The Rio Tinto Ltd (ASX: RIO) share price is on watch after the ASX mining share reported its FY25 half-year result.
Rio Tinto is one of the largest miners in the world. It’s involved in resources like iron ore, copper, bauxite and lithium.
Rio Tinto FY25 half-year result
Here are some of the highlights for the six months to June 2025:
- Revenue slightly increased to US$26.87 billion
- Underlying EBITDA (EBITDA explained) fell 5% to US$11.5 billion
- Underlying earnings declined 16% to US$4.8 billion
- Net profit after tax fell 22% to US$4.5 billion
- Operating cashflow declined 2% to US$6.9 billion
- Free cashflow plunged 31% to US$2 billion
- Interim dividend declined 16% to US$1.48 per share
The dividend payout ratio represented 50% of its net profit, which seems like a healthy balance.
Let’s take a look at how each individual division performed.
The iron ore EBITDA fell 24% to US$6.7 billion. The average iron ore price declined by 15% year on year.
The aluminium EBITDA jumped 50% to US$2.4 billion. The aluminium price increased by 14% year on year. It also benefited from higher volumes and improved market premiums, offset by $321 million of gross costs associated with US tariffs.
The copper EBITDA surged 69% to US$3.1 billion.

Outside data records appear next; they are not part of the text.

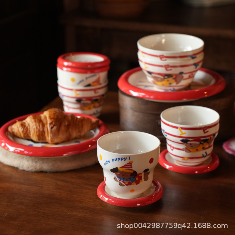 家庭用かわいいダックスフントセラミックプレート漫画セラミック皿プレート釉下色クリエイティブラウンドディスク水玉犬
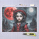 This design features a young witch dressed in black and red, set against a dark and atmospheric backdrop. The scene is illuminated by two distinct moons—a blood-red one and a pale white one—casting an eerie glow over the surroundings. The title, "Child of the Dual Moons," evokes a sense of mystique and enchantment, capturing the essence of a character born under these contrasting lunar influences. Ideal for Halloween or any project with a gothic and magical theme, this design blends elements of darkness and otherworldly beauty, perfect for creating spellbinding art and décor.
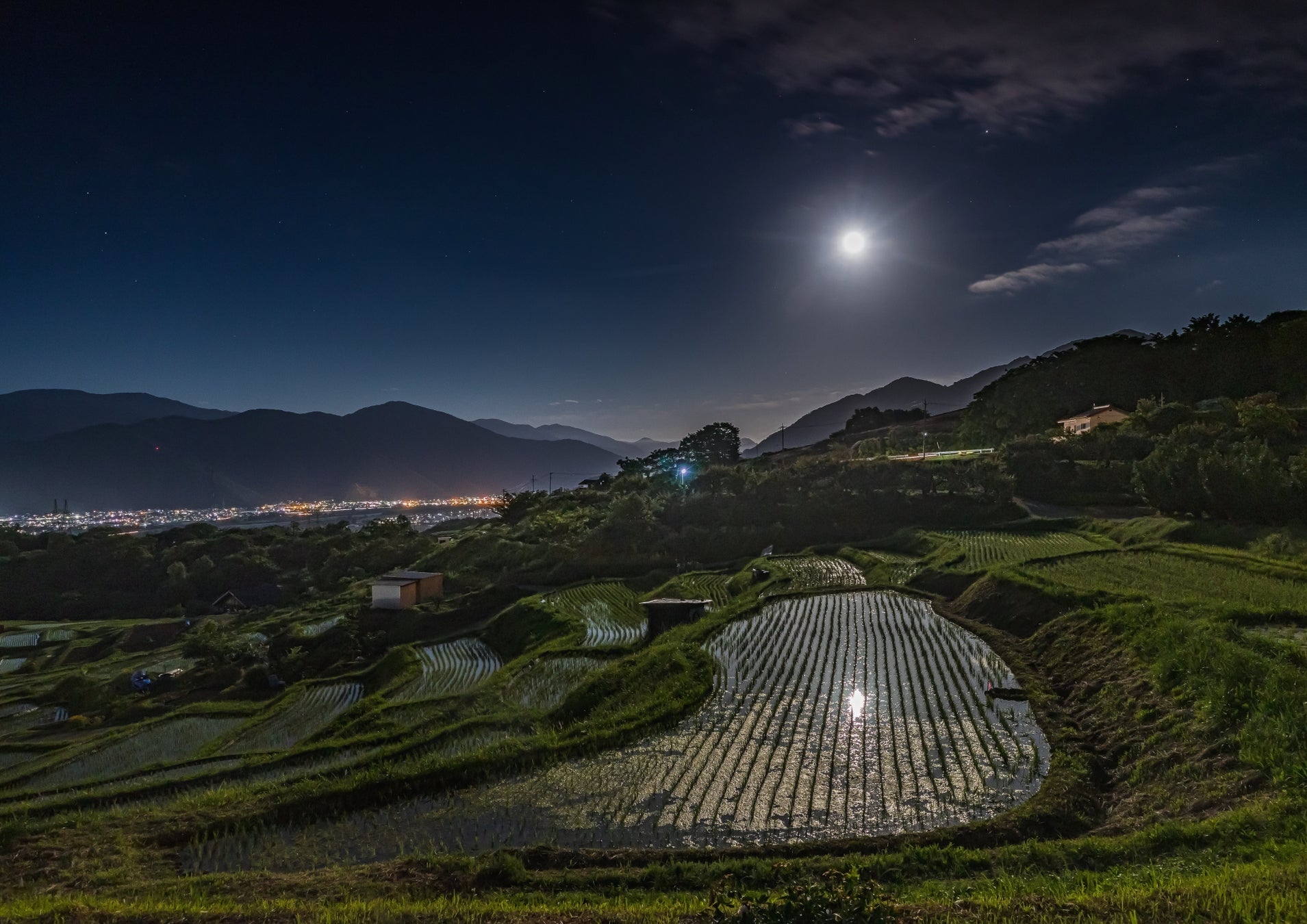 長野県北部の千曲市に在る、水田が幾重にも連なり形成された姨捨(おばすて)の棚田。
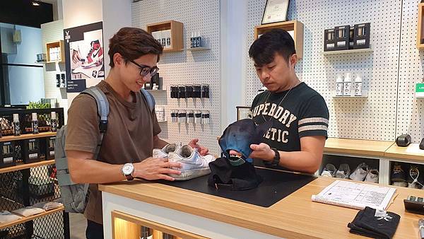 店長會檢查鞋子,並說明鞋子的髒污或受損狀況

The copper price increased 4% year on year. It also benefited from a ramp-up of the Oyu Tolgoi underground project.
The minerals EBITDA declined 58% to US$0.3 billion. This business suffered from lower pricing across most commodities, particularly titanium dioxide feedstock and iron ore pellets.
Outlook for the Rio Tinto share price
Rio Tinto says it’s well positioned to generate value from its “best-in-class project execution”, together with growing demand for its products, now and in the coming decades.
The ASX mining share said it’s on track to deliver strong medium-term production growth, with solid foundations in place and a diverse pipeline of options for the future.
There are other ASX dividend shares that appeal more to me because of the greater certainty of net profit (and dividend) growth in any given year – other businesses don’t necessarily need good commodity prices to deliver growing dividends.
However, I do like that Rio Tinto is seeing profit growth for both aluminium and copper. It’s also investing in lithium, which has a potentially attractive growth outlook, depending on how lithium demand grows in the coming years.